As well as tensions with Israel, Hamas is concerned about the declaration of an unknown Islamic group claiming responsibility for the infiltration operation that killed an Israeli soldier at the beginning of last week. The group seems to belong to the same school as Al-Qaeda, since it "dedicated" the operation to Osama bin Laden, the leader of Al-Qaeda who was killed by the US one year ago. Hamas views the claim of responsibility of this group as "a distortion of Palestinian resistance and gives Israel reason to attack Gaza and put it under siege."

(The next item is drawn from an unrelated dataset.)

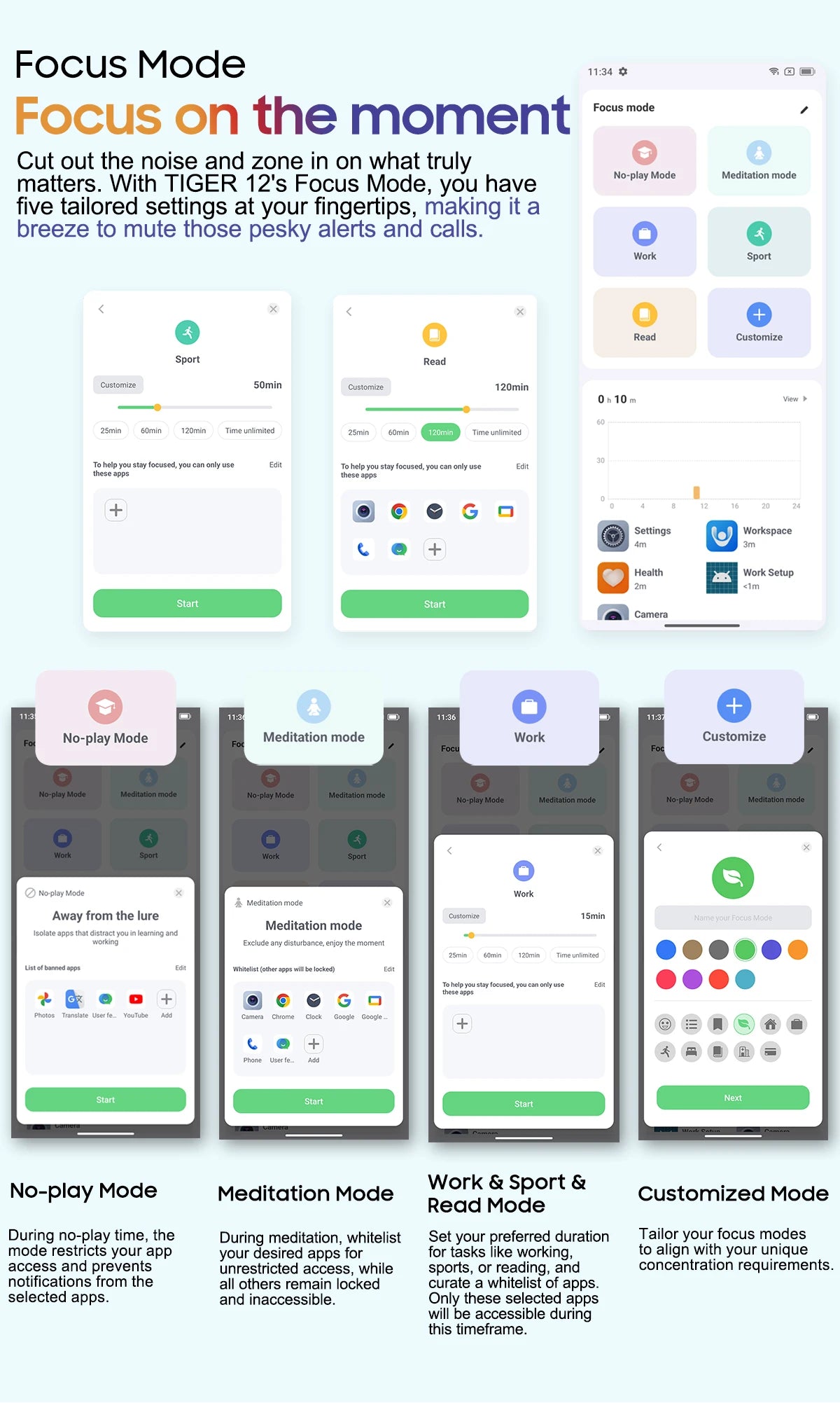 Cut out the noise and zone in on what truly matters. With TIGER 12's Focus Mode, you have five tailored settings at your fingertips, making it a breeze to mute those pesky alerts and calls.
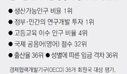 한국의 인재개발 경쟁력이 경제협력개발기구(OECD) 회원국 36개국 가운데 중하위권인 21위인 것으로 나타났다. 연구개발 투자나 고등교육 이수 인구 비율 등은 최상위권이었지만 출산율, 개인건강 인식도, 성별 임금 격차, 사회적 네트워크 지원 분야에선 각각 꼴찌를 면치 못했다. 한국인적자원연구센터 소장을 맡고 있는 오헌석 서울대 교육학과 교수는 ‘글로벌 인재개발 인덱스’를 통해 OECD 36개국의 인재개발 시스템을 분석한 결과를 5일 밝혔다. 인재개발 경쟁력을 보여주는 44개의 세부지표를 평가하는 방식이다. 1위는 미국이 차지했고, 이어 스위스 영국 스웨덴 노르웨이 순이었다. 최하위는 터키였다. 한국의 인재개발 경쟁력은 21위로, 이 인덱스를 통해 처음 분석했던 2011년(23위)보다 2계단 상승했지만 여전히 일본보다 낮았다. 일본은 2011년 22위에서 올해는 19위로 3계단 올라갔다. 세부 지표별로 살펴봤을 때 선진국들은 여러 지표에서 고른 순위를 기록한 반면에 한국은 지표별 편차가 크다는 점이 우려스럽다고 연구팀은 지적했다. 한국이 높은 순위를 기록한 지표들은 인재 공급, 투자 분야에 몰려 있다. 생산가능인구 비율과 정부·민간의 연구개발 투자는 OECD 회원국 중 최고였다. 고등교육 이수 인구 비율(4위), 국제학업성취도평가(PISA) 점수(5위)도 상위권에 이름을 올렸다. 반면 장기적인 경쟁력의 기반이 될 출산율은 OECD 중 가장 낮았다. 성별에 따른 임금 격차와 개인이 인식하고 있는 육체·정신적 건강 상태도 최하위로 집계됐다. 사회적 네트워크도 꼴찌였다. 사회적 네트워크는 15세 이상 개인에게 ‘곤경에 처했을 때 도움을 줄 수 있는 친구나 친척이 있느냐’고 물었을 때 긍정적으로 대답한 비율로 평가했다. 한국은 76%만이 ‘그렇다’고 대답했다. 미국(93%), 일본(90%) 등에 크게 못 미쳤다. 오 교수는 “인재개발을 촉진하는 제도와 환경 경쟁력이 여전히 최하위권”이라면서 “국가경쟁력을 향상시키려면 인재개발에 대한 투자를 늘려야 하며, 지속적인 시스템 개선 노력이 절실하다”고 말했다.홍석호 기자 will@donga.com}

Yehia Moussa, a leading Hamas figure and deputy leader of its parliamentary bloc, said that the claim of responsibility gives the occupation justification to put the Gaza Strip under siege and legitimises attacks on the Strip. "Gaza succeeded in becoming the centre of sympathy and a symbol of oppression, while uncovering the injustice and arrogance of occupation," Moussa told the Weekly. "Therefore these actions help alter this image that the world has, and undermines the Palestinian national cause."
He added that although his group supports any operation that hurts the occupation, and in particular its army, "We must be very careful not to use the Palestinian cause for international agendas that do not serve Palestine and its just cause."
Moussa indicated that Palestinian resistance is a symbol of moderation because it is armed with international sympathy that understands its motivations and goals. He also warned that declarations like the one of the Islamic group revive in the minds of many echoes of the 9/11 attacks that benefited Israel.
Meanwhile, Amos Gilad, the director of policy and political-military affairs at Israel's Ministry of Defence, denied that Egypt's Muslim Brotherhood is involved in the two missiles launched against Israel from Sinai.
Gilad told Israeli Radio: "The Muslim Brotherhood, which is seeking to change the face of the Middle East, does not participate in these attacks." He also denied reports in Haaretz newspaper that Sinai Bedouins launched two missiles upon orders of the Brotherhood and in coordination with Hamas in the Gaza Strip.